MRS. DREDGE TO THE RESCUE.

High tea at Penelope Mansion was an institution.  Mrs. Flint said in confidence to her boarders that she preferred high tea to late dinner.  She said that late dinner savored too distinctly of the mannish element for her to tolerate.  It reminded her, she said, of clerks returning home dead-beat after a day’s hard toil; it reminded her of sordid labor, and of all kinds of unpleasant things; whereas high tea was in itself womanly, and was in all respects suited to the gentle appetites of ladies who were living genteelly on their means.  Mrs. Flint’s boarders were as a rule impressed by her words, and high tea was, in short, a recognized institution of the establishment.

On the evening of the day when poor little Daisy had disappeared from her Palace Beautiful Mrs.

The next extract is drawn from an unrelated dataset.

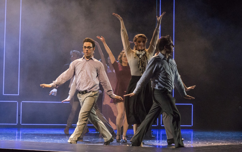 Martin Lingnau, der so fetzige Musicals wie „Swinging St. Pauli“ geschrieben hat, versucht sich hier an einem durchkomponierten Stück à la Lloyd Webber – und verliert dabei etwas die Leichtigkeit. Was durch die allzu Percussion- und Keyboard-lastigen Arrangements seiner rockigen Pop-Nummern noch verstärkt wird. Und durch das unprofessionelle Sounddesign zum Ärgernis wird, wenn das Orchester Stimmen und Texte schluckt. Sabrina Weckerlin befreit sich noch mit Können und Routine aus dieser Soundfalle, aber Philipp Büttner kann dem nur seine gequetscht wirkende Beltstimme entgegensetzen, die ihn im Liebesduett mit Lotte dann völlig abschmieren lässt. Auch schauspielerisch wird er von seinem Bühnen-Busenfreund Wilhelm (Florian Minnerop) ausgestochen, sodass man sich zur „Halbzeit“ eigentlich einen Rollenwechsel der beiden wünscht. Ansonsten führt Folkwang-Professor Gil Mehmert, im Nebenberuf einer unserer profiliertesten Musical-Regisseure, das Ensemble mit sicherer Hand durch das von Simon Eihenberger hübsch choreografierte und von Eva-Maria van Acker und Maria Wolgast liebevoll ausgestattete Stück. Nur: Etwas weniger Bühnennebel wäre mehr gewesen!

Flint’s boarders were enjoying their genteel repast in the cool shades of her parlor.  They had shrimps for tea, and eggs, and buttered toast, and a small glass dish of sardines, to say nothing of a few little dishes of different preserves.  Mrs. Dredge, who was considered by the other ladies to have an appetite the reverse of refined, had, in addition to these slight refreshments, a mutton chop.  This she was eating with appetite and relish, while Miss Slowcum languidly tapped her egg, and remarked as she did so that it was hollow, but not more so than life.  Mrs. Mortlock, since the commencement of her affliction, always sat by Mrs. Flint’s side, and when she imagined that her companions were making use of their sight to some purpose she invariably requested Mrs. Flint to describe to her what was going on.  On this particular evening the whole party were much excited and impressed by the unexpected return of Poppy, alias Sarah.

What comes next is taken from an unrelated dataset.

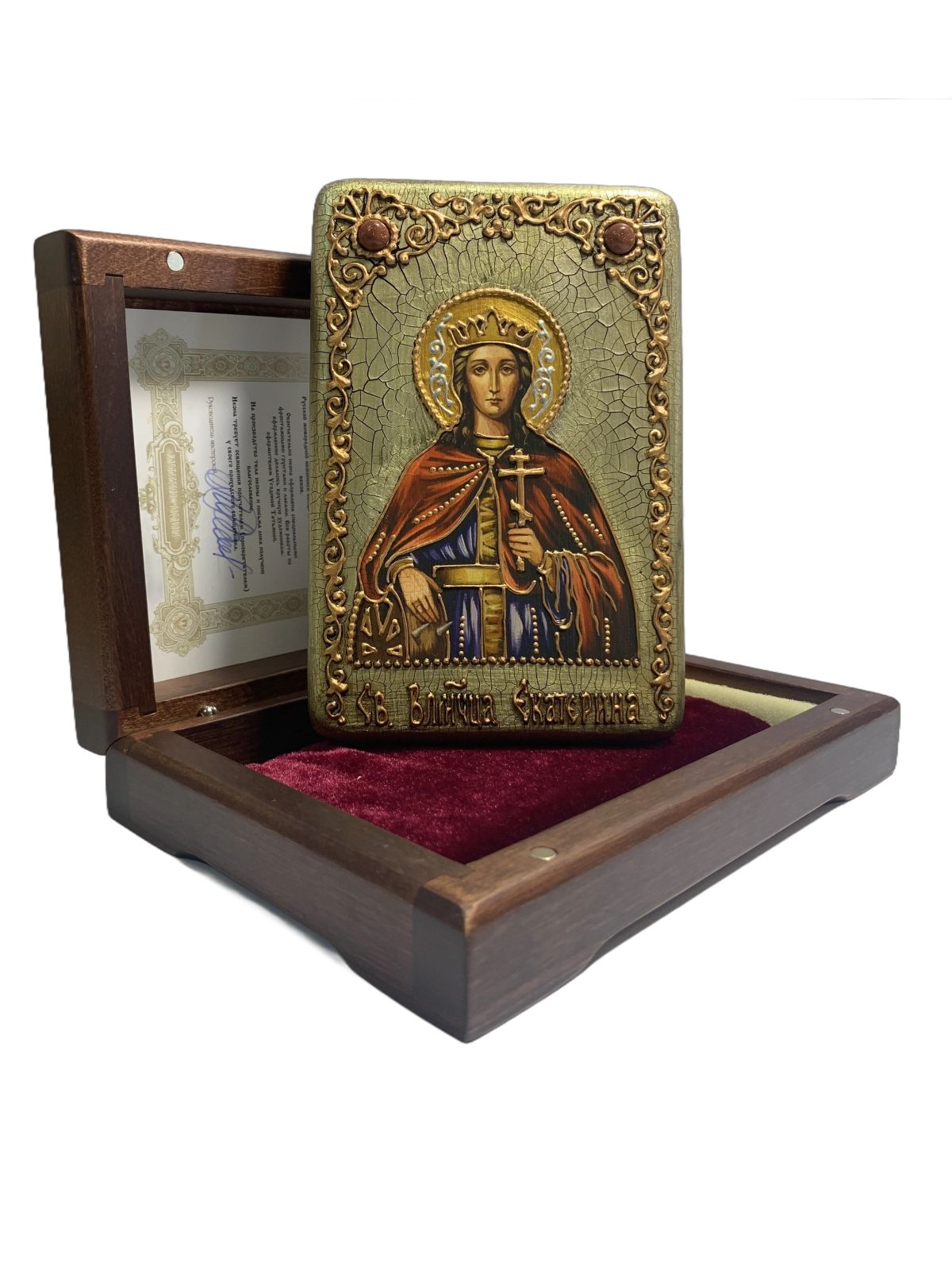 Икона ''Великомученица Екатерина'' ручной работы в футляре

“It took me all of a heap!” said Mrs. Flint; “I really thought the girl was saucy, and had gone—­but never a bit of it.  If you’ll believe me, ladies, she came in as humble as you please, and quite willing to go back to her work in a quiet spirit.  ‘Sarah,’ I said to her in the morning, ‘you’ll rue this day,’ and she did rue it, and to some purpose, or she wouldn’t have returned so sharp in the evening.  She’s a good girl, taking her all in all, is Sarah, and being my own niece, of course I put up with a few things from her which I would not take from a stranger.”

“She spoke pretty sharp this morning about you, Mrs. Flint, to my continual reader,” said Mrs. Mortlock; “I wouldn’t take no airs, if I was you, from Sarah Maria.  Miss Slowcum, I’ll trouble you for the pepper, please.  Seeing that I’m afflicted, and cannot now use my eyesight, I think there might be a little consideration in the small matter of pepper shown to me, but feel as I will I can find it in no way handy.  Thank you, Miss Slowcum; sorry to trouble you, I’m sure.”

“She grows more snappish each day,” whispered Miss Slowcum to Mrs. Dredge; but just then the attention of all the good ladies was diverted by a ringing peal at the hall door-bell, followed by eager voices in the hall, and then by the entrance of Poppy, alias Sarah, who broke in upon the quiet of high tea with a red and startled face.